For each line of the listing that contains "with", make a copy and return it.

Source data

┌──

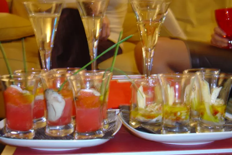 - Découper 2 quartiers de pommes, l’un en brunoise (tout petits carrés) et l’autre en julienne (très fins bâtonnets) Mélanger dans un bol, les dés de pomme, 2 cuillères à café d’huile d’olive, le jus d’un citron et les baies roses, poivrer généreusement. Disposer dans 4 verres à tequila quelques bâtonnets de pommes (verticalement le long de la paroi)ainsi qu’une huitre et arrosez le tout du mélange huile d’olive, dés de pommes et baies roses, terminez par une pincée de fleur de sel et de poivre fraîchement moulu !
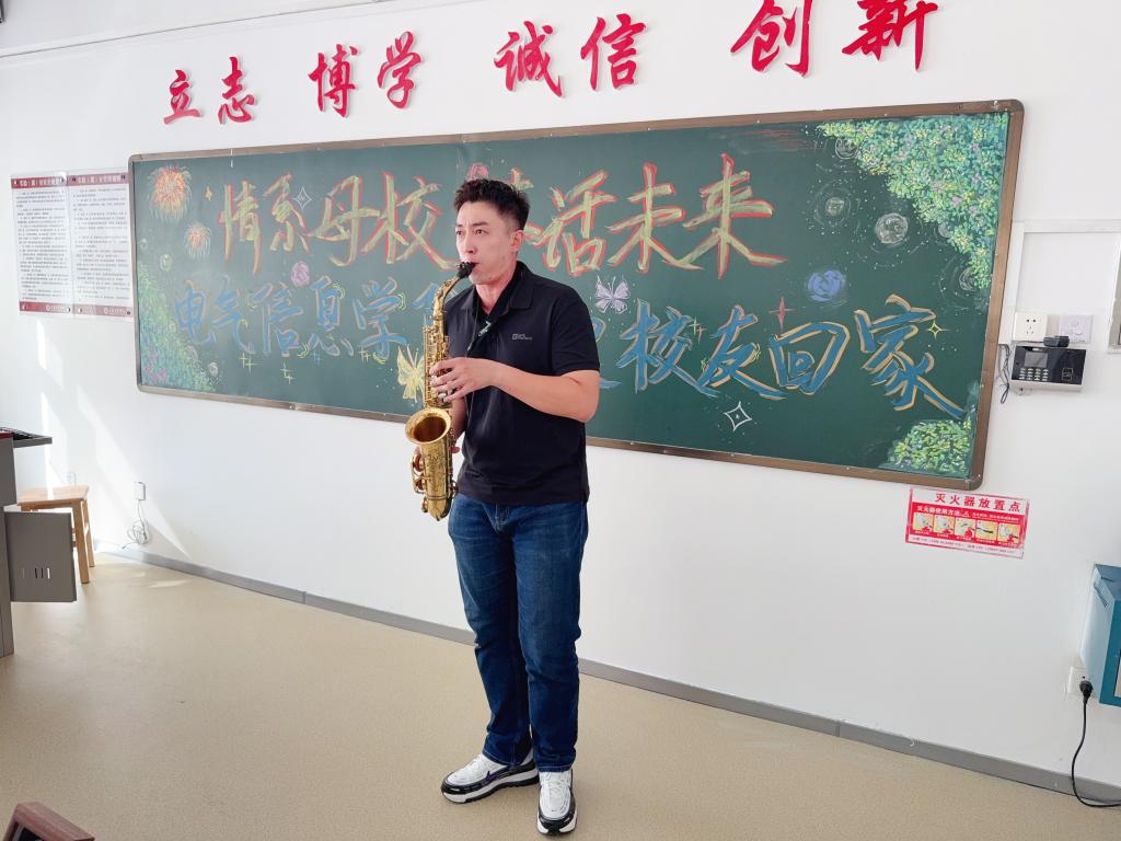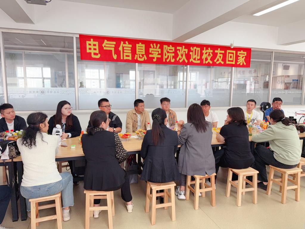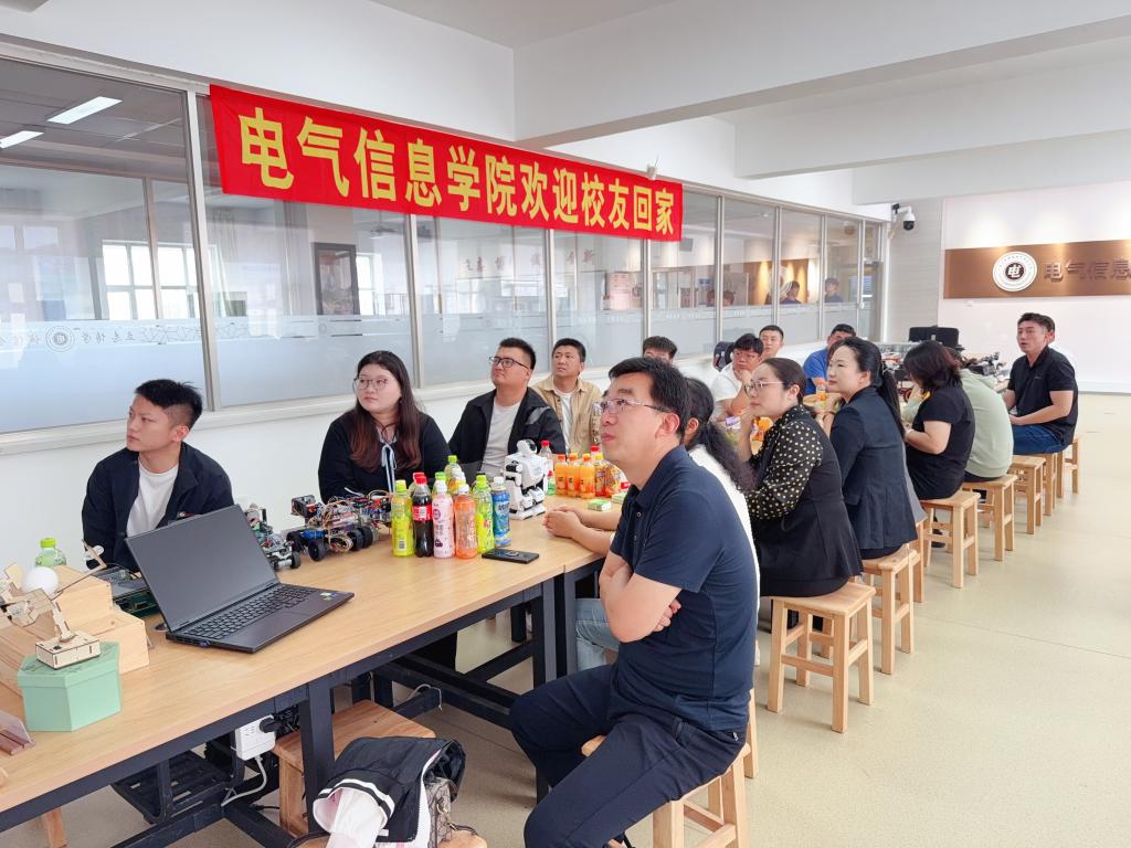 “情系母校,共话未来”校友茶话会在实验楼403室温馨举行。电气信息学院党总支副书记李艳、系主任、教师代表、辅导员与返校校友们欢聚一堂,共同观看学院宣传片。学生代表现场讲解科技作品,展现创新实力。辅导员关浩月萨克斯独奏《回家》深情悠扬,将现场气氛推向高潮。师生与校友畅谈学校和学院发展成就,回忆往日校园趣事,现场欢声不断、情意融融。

└──
┌──

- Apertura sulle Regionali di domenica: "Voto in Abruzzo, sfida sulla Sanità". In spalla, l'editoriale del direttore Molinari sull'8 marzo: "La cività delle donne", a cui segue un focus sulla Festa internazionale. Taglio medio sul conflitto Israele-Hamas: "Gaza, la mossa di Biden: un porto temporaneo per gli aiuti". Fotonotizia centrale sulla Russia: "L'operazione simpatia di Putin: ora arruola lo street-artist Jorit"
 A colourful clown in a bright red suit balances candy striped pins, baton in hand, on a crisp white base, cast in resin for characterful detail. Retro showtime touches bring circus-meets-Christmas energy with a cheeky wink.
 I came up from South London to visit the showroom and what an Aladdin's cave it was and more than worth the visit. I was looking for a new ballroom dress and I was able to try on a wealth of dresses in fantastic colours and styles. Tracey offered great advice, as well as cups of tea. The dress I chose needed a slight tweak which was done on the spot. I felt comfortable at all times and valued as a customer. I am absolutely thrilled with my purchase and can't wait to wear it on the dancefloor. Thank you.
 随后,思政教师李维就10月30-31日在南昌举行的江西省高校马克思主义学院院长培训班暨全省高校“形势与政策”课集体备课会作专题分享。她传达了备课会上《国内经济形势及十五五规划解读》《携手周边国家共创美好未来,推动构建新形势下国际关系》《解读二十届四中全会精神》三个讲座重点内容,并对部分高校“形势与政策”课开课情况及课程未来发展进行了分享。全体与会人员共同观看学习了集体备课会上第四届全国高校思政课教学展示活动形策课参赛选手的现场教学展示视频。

└──
┌──

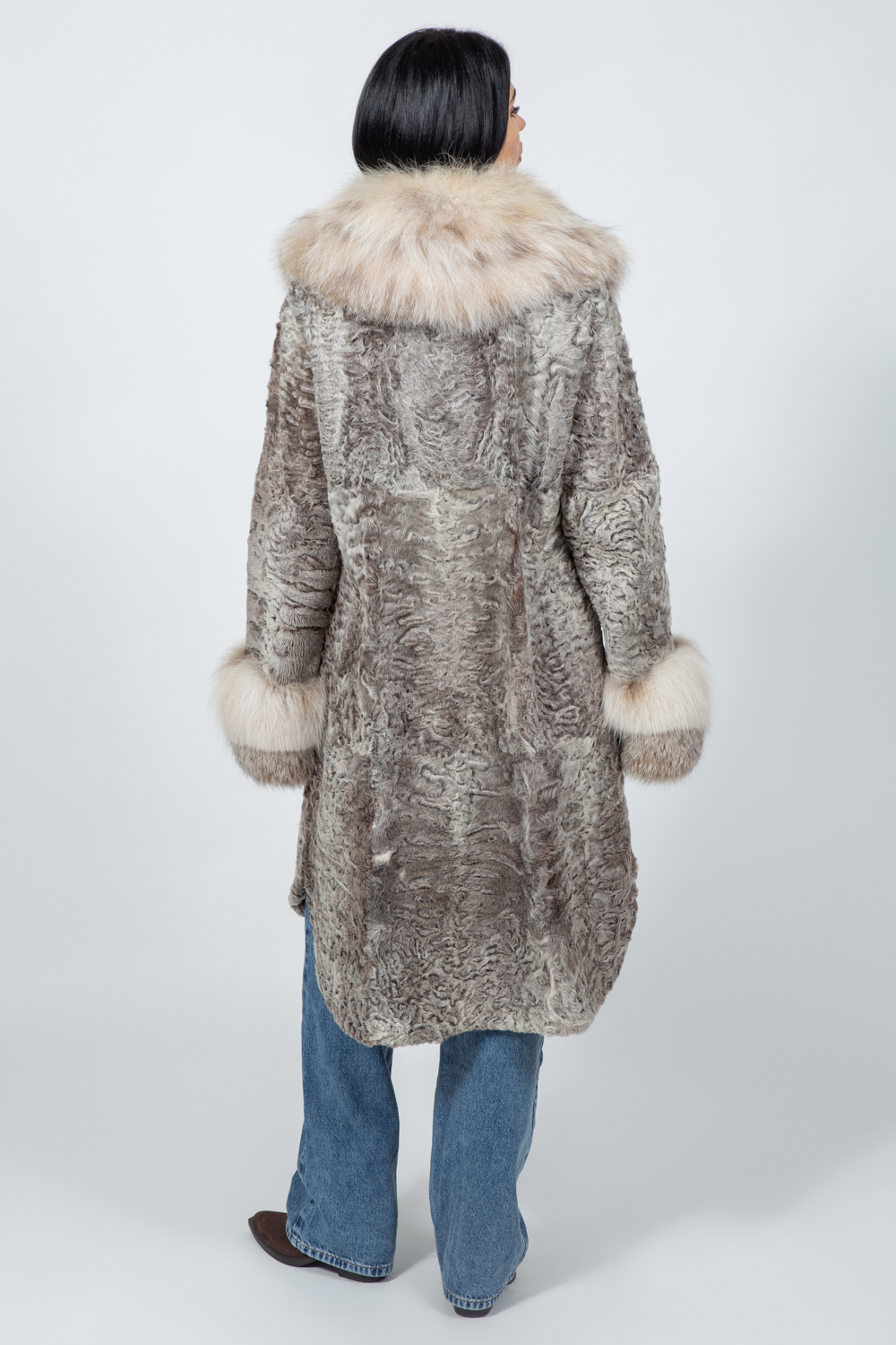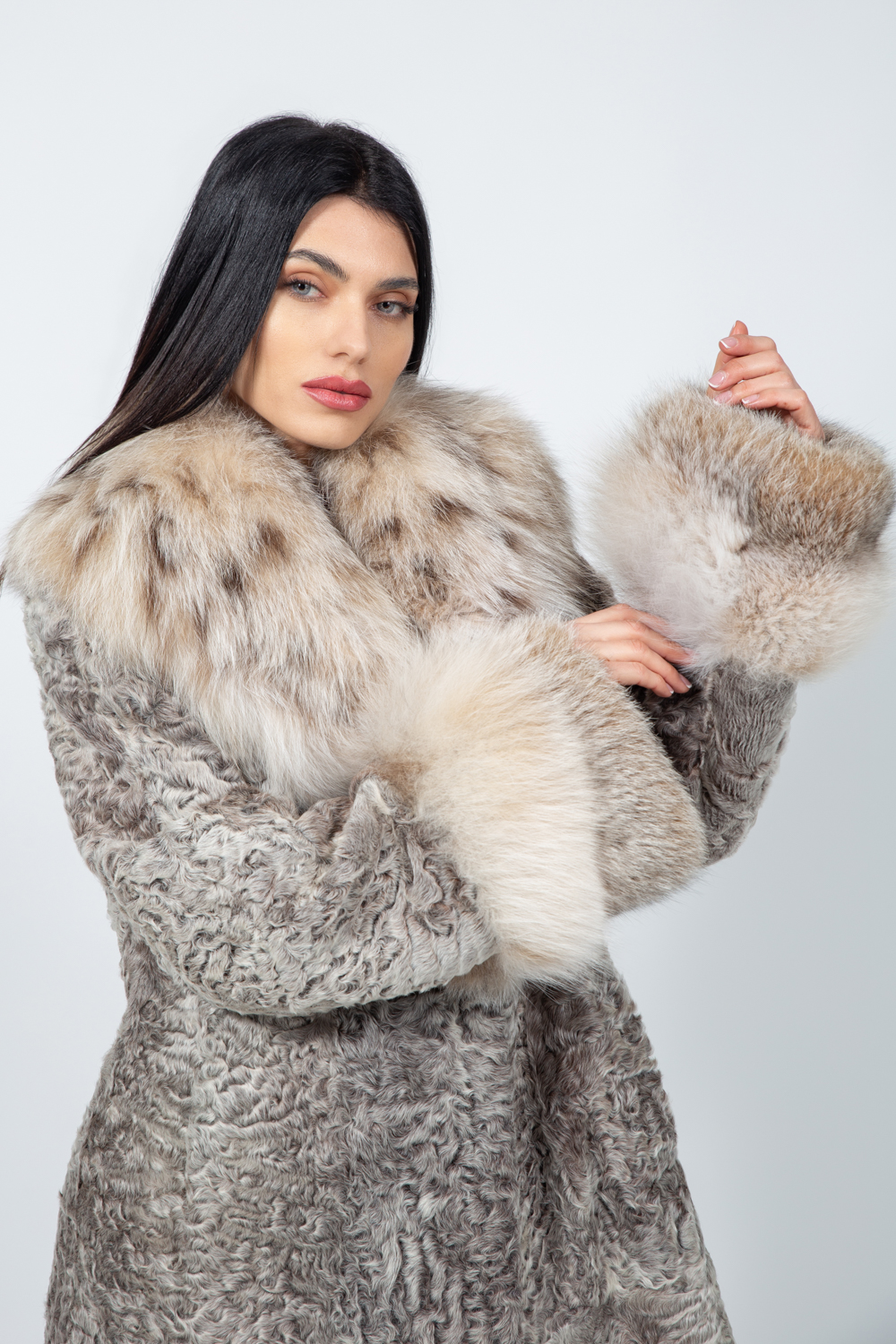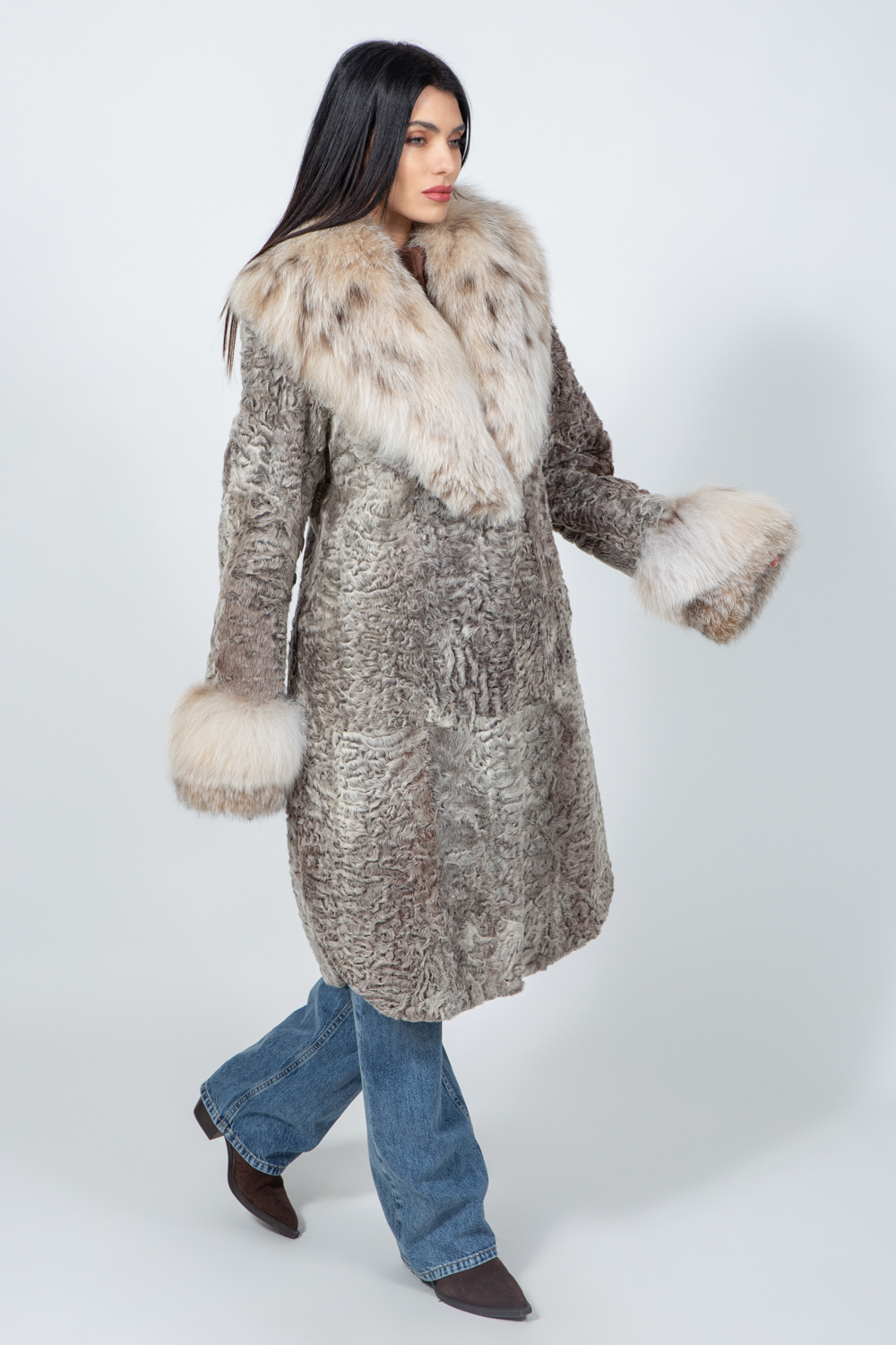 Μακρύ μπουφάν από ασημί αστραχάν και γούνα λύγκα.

└──

Exercise output
 A colourful clown in a bright red suit balances candy striped pins, baton in hand, on a crisp white base, cast in resin for characterful detail. Retro showtime touches bring circus-meets-Christmas energy with a cheeky wink.
 I came up from South London to visit the showroom and what an Aladdin's cave it was and more than worth the visit. I was looking for a new ballroom dress and I was able to try on a wealth of dresses in fantastic colours and styles. Tracey offered great advice, as well as cups of tea. The dress I chose needed a slight tweak which was done on the spot. I felt comfortable at all times and valued as a customer. I am absolutely thrilled with my purchase and can't wait to wear it on the dancefloor. Thank you.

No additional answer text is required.